A mother's breast is not the only place a child can find comfort. Holding them, rocking them, placing them in a swing, playing music, and lots of other things can be options. I used all of those. After my milk dried up I would have been very uncomfortable letting my child have my breast as a means of comfort.

If the baby did not yet have teeth, what would have been the cause of the discomfort?
 
Pergamum, you seem to be on the right track of understanding how God hardwired His children. There is much beauty in it. I continue to pray that we all learn to embrace it, for the sake of God's glory and the sake of our own and our children's health and well-being.
 
If the baby did not yet have teeth, what would have been the cause of the discomfort?

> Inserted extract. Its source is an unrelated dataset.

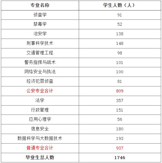 湖南警察学院2025届毕业生共1746人,详情见下图:
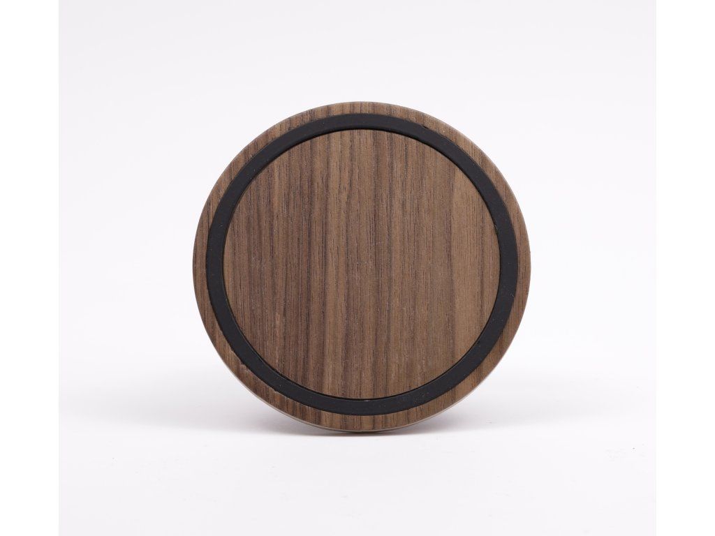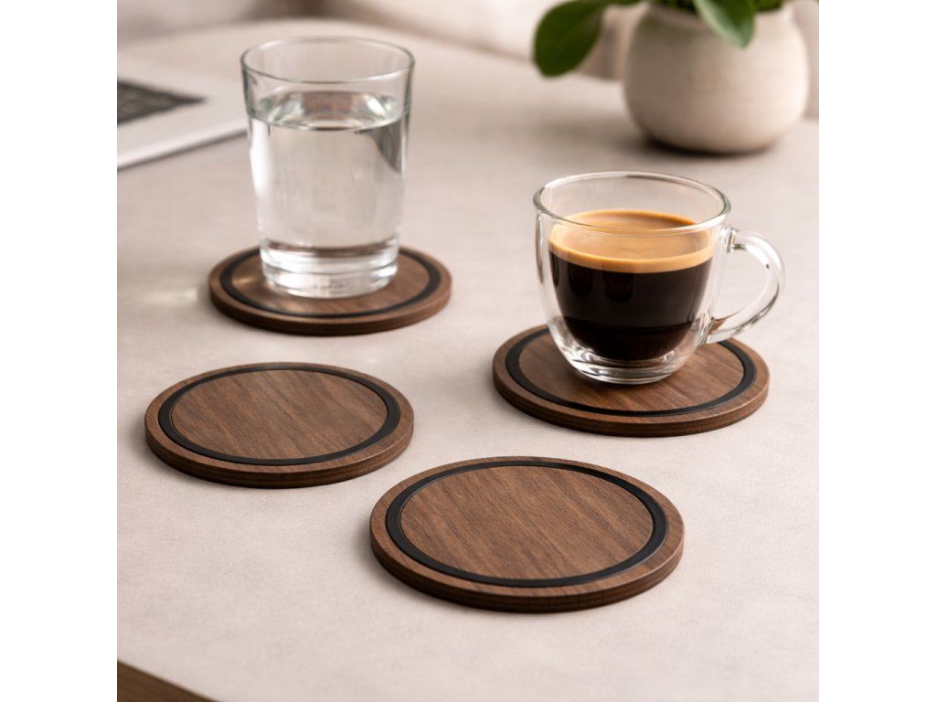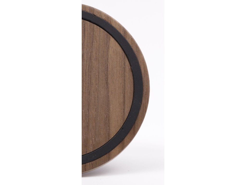 Podtácky z dýhy amerického ořechu s černým kovovým prvkem.

Me...After I wrote my response I thought about it, and then read Kim's response. I guess I just always viewed my breast as a supply of food, not as a pacifier. I didn't want to be my child's pacifier. I had children who would have hung on me all day and night. That just isn't reasonable when you have toddlers running around. I respect what Kim did, but I wouldn't do it. I thought at that time and still think there are other ways for babies to be comforted. I nursed my kids when they needed to eat, and sometimes I used it to get them to sleep, but not always.

Maybe it stems from a mom who was so opposed to me nursing that she made me leave her house everytime I nursed. No one in my family ever nursed their children. I was considered odd for doing so. My mom would make me go out to the car when my oldest two needed to be nursed. I'd never been around anyone in my life who nursed their children. Everyone I knew thought I'd gone completely out of my mind.

All I can say is I am glad I no longer have to worry about these things. I am past all of those days. I am not a follower of the crowd, and most of the crowd I hung out with were doing attatchment parenting. I don't have a problem with people who do. I just don't think it's for everyone. If I were to do it all over again. I think I'd stick with a schedule and a pacifier.